RP is characterized by an initial loss of rod function, resulting in defective dark adaptation and progressive loss of peripheral vision, often progressing into the central retina involving cone photoreceptors and leading to severe visual impairment or blindness. Furthermore, characteristic “bone spicules” pigment depositions in the retina, attenuation of the retinal blood vessels, and optic disc pallor are observed [1,2,3]. Phenotypic variability among individuals sharing the same genetic background is observed. Moreover, RP is a genetically heterogeneous disease and can be inherited in an autosomal dominant, autosomal recessive, or X-linked pattern. Due to genetic, allelic, and phenotypic heterogeneity, the diagnosis of RP patients can be a challenging task. Until now, mutations in at least 75 genes have been linked to nonsyndromic RP (RetNet, https://sph.uth.edu/retnet/; 10 January 2023). Molecular diagnosis is unquestionably crucial for establishing a correct clinical diagnosis in patients presenting with RP, and it is also necessary for estimating the risk of recurrence and providing reliable genetic counseling to families. Finally, it will form the basis for gene-specific therapy in the future.

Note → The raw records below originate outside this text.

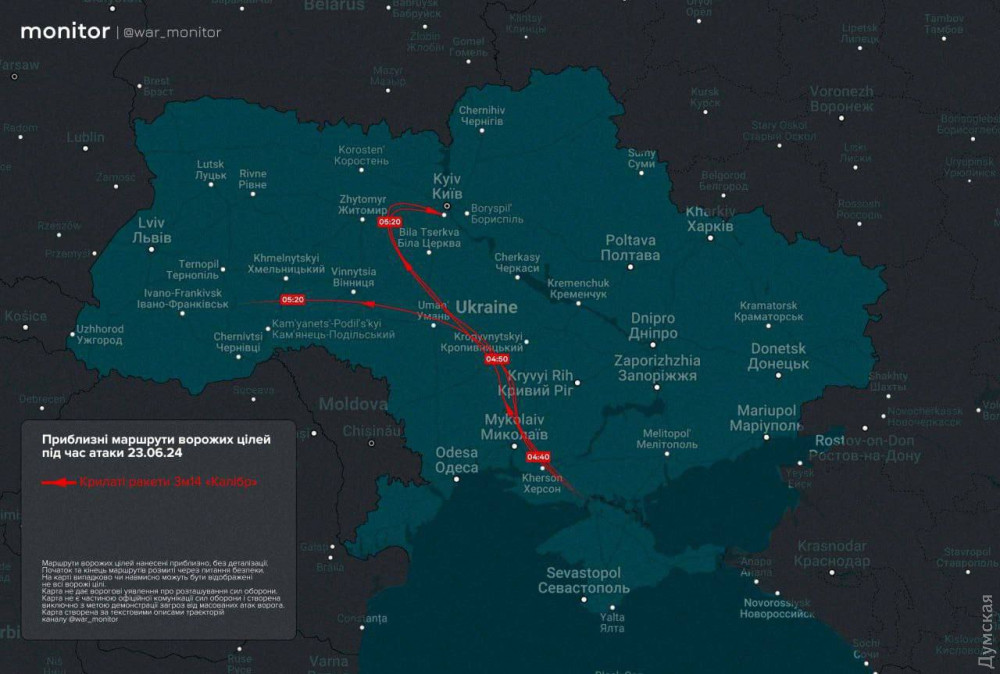 Три ракети «Калібр» запустили ворожі моряки в акваторії Азовського моря вночі 23 червня.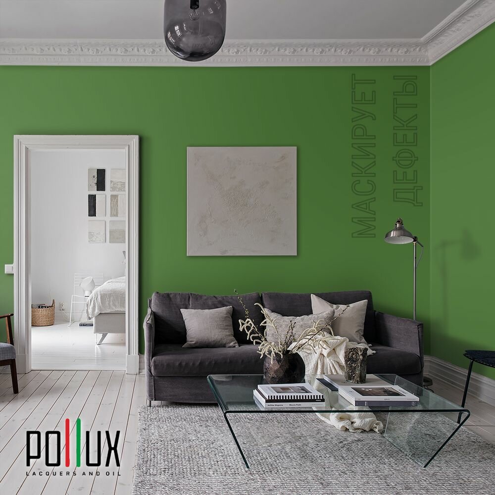 Отзывы на Краска моющаяся интерьерная для стен и потолков, Pollux INTERIOR без запаха, быстросохнущая, акриловая, матовое покрытие, цвет NCS S 4050-G30Y, 5л.
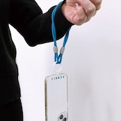 スマホアタッチメント付きです。手首にぶら下げるとちょうどよい長さです。(長さ調整はできません)共通

A significant improvement of diagnostic yields has been gained in recent years with the use of next generation sequencing-based approaches, which are highly efficient for testing causal genetic variants and helpful in elucidating many previously unexplained causes of RP.

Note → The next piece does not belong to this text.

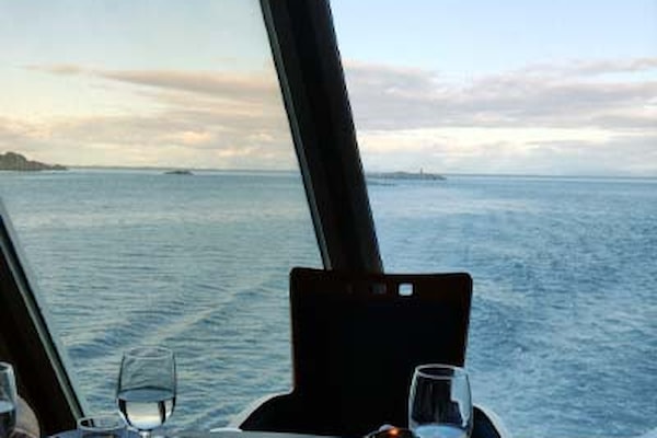 Den 19. april 2019 startet restaureringen av skipet. Og sommeren 2021 åpnet museet. Vi besøkte skipets kafe for en bedre lunsj. Så gikk vi over på hurtigruteskipet MS Trollfjord som skulle ta oss inn Trollfjorden og videre til Svolvær. Kl. 17.00 hadde vi felles middag, dessert og kaffe i skipets restaurant. Middagen bestod av buffet med masse forskjellig retter. Det var et supert tilbud som passet alle med og uten allergi. Dette var noe vi måtte få tilrettelagt før vi bestilte turen.

In this study, we implemented a WES re-diagnosis in a cohort of Polish patients affected with nonsyndromic RP, in whom a NGS diagnostic panel performed several years ago failed to identify any potentially causative variants.
2. Materials and Methods
2.1. Clinical Examination
Nineteen probands, together with 8 affected siblings with an initial diagnosis of nonsyndromic RP and 14 unaffected family members, were recruited from 19 unrelated Polish families. Within the cohort, 8 cases were familial, and 11 were sporadic. The patients underwent genetic counseling, coupled with a detailed medical history analysis. Ophthalmologic examinations, including measurement of central visual acuity, an eye fundus examination, electroretinography (ERG), and optical coherence tomography (OCT), were performed. All participants or guardians provided written informed consent and the study was approved by the Bioethics Committee at Poznan University of Medical Sciences in compliance with good clinical practice (GCP) and Polish law. All study protocols adhered to the tenets of the Declaration of Helsinki.
2.2. Molecular Analysis
Blood samples from 19 probands and 22 tested family members were obtained for genetic analysis. Genomic DNA was extracted from the peripheral blood lymphocytes using a MagCore® HF16 Automated Nucleic Acid Extractor and Genomic DNA Large Volume Whole Blood Kit (RBC Bioscience Corp., New Taipei City, Taiwan).
2.2.1. Targeted Next-Generation Sequencing
Diagnostic NGS panels associated with autosomal dominant or autosomal recessive retinitis pigmentosa, encompassing 26 and 56 genes (Supplementary Materials) respectively, were first performed in the probands, according to the expected type of inheritance. Targeted NGS of Retinitis Pigmentosa was performed at Asper Biogene (Republic of Estonia). For details see the Supplementary Material. The variant classification was established based on American College of Medical Genetics (ACMG) guidelines [4].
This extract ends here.